» **ABOUT THIS EXERCISE**
Only the lines from the top of the listing below to the line that has "Assim que chegou" should be echoed, with both ends kept and pictures left out.

» **DATASET EXCERPT**
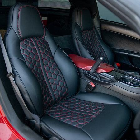 Upgrade the aesthetic of your Corvette C6 with the Kustom Interior™ leather seat covers. Crafted meticulously using premium artificial / genuine leather, our seat covers are available in an array of colors, primed to harmonize with your car's interior upholstery or its striking exterior finish.
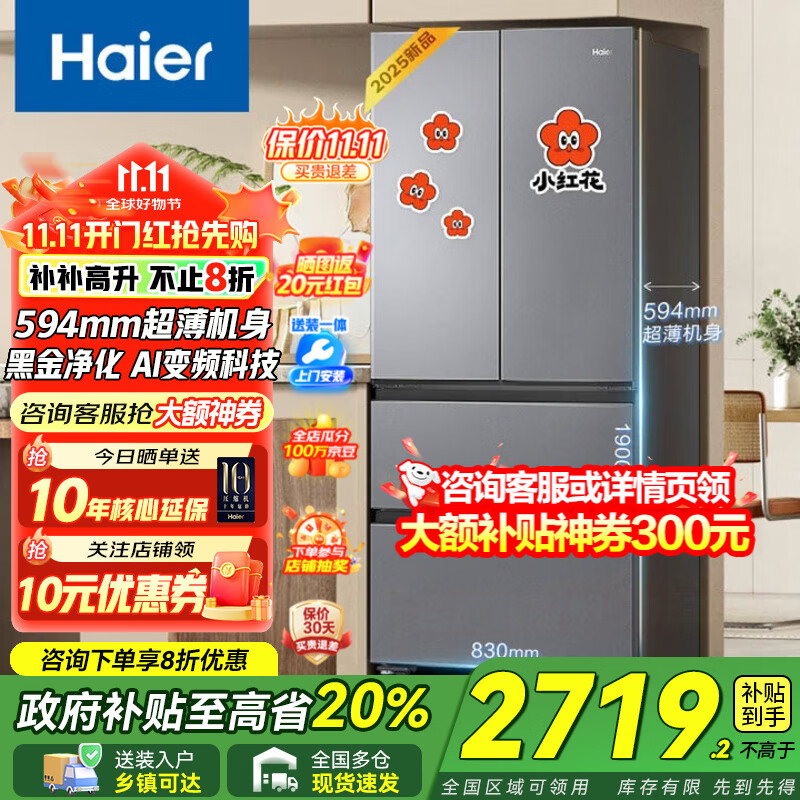 海尔冰箱法式多门四开门488升超薄可嵌入小红花系列一级能效风冷无霜黑金净化【25年新品】国家补贴20% 594mm超薄+母婴三档变温+AI变频科技
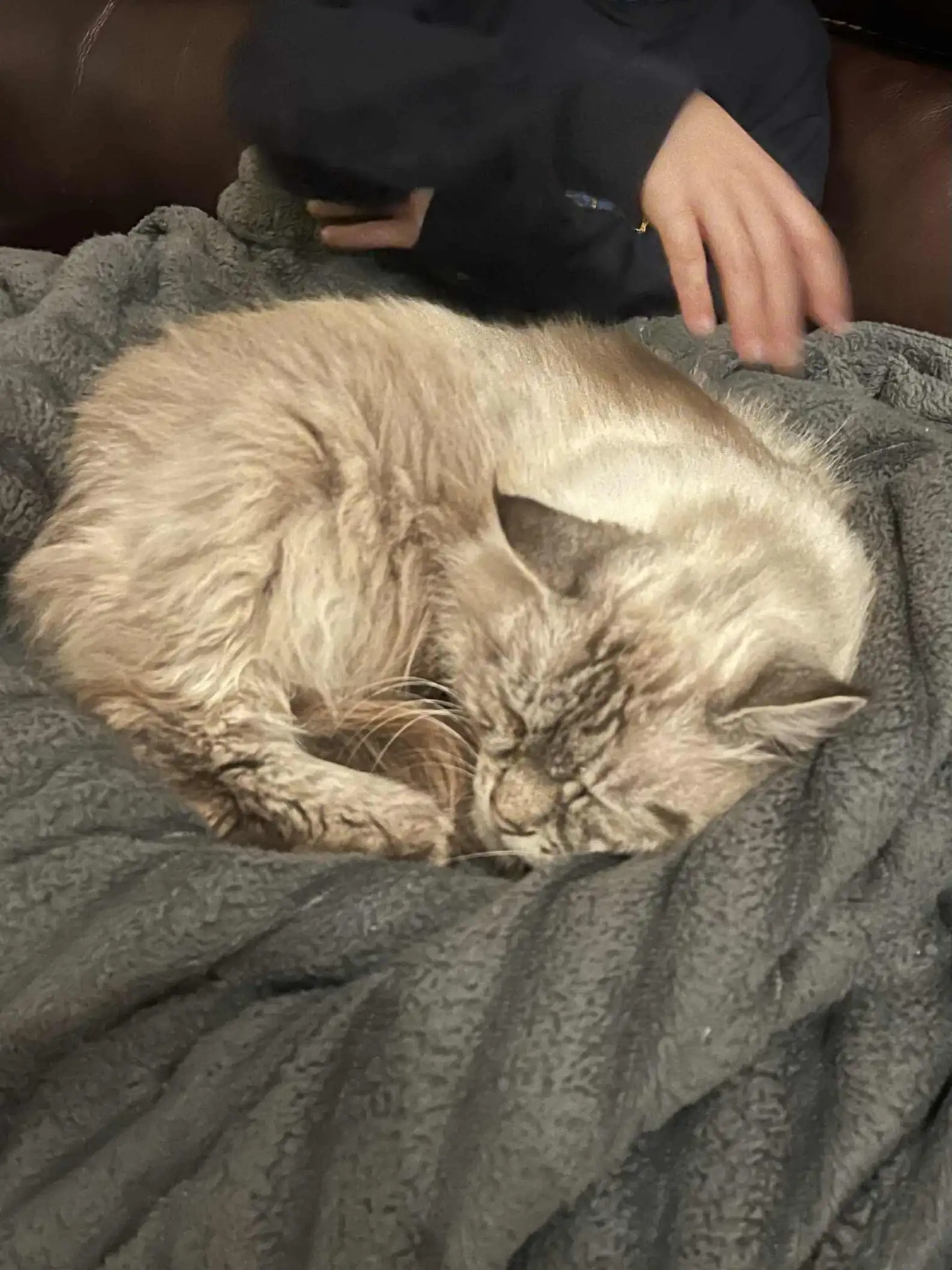 Assim que chegou em casa, a primeira preocupação de Ross foi garantir que a gata se sentisse segura e aquecida. Ele a acomodou perto da lareira, onde o calor ajudaria a afastar o frio e o cansaço acumulados. Em seguida, ofereceu água fresca e um pouco de comida, que ela devorou com fome e alívio.
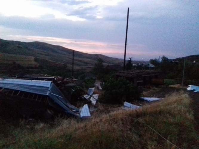 Տավուշի մարզպետի խորհրդականի հրապարակած լուսանկարներում երևում են կոտրված տանիքներն ու արմատախիլ եղած ծառերը։

» **FINISHED EXERCISE**
 Upgrade the aesthetic of your Corvette C6 with the Kustom Interior™ leather seat covers. Crafted meticulously using premium artificial / genuine leather, our seat covers are available in an array of colors, primed to harmonize with your car's interior upholstery or its striking exterior finish.
 海尔冰箱法式多门四开门488升超薄可嵌入小红花系列一级能效风冷无霜黑金净化【25年新品】国家补贴20% 594mm超薄+母婴三档变温+AI变频科技
 Assim que chegou em casa, a primeira preocupação de Ross foi garantir que a gata se sentisse segura e aquecida. Ele a acomodou perto da lareira, onde o calor ajudaria a afastar o frio e o cansaço acumulados. Em seguida, ofereceu água fresca e um pouco de comida, que ela devorou com fome e alívio.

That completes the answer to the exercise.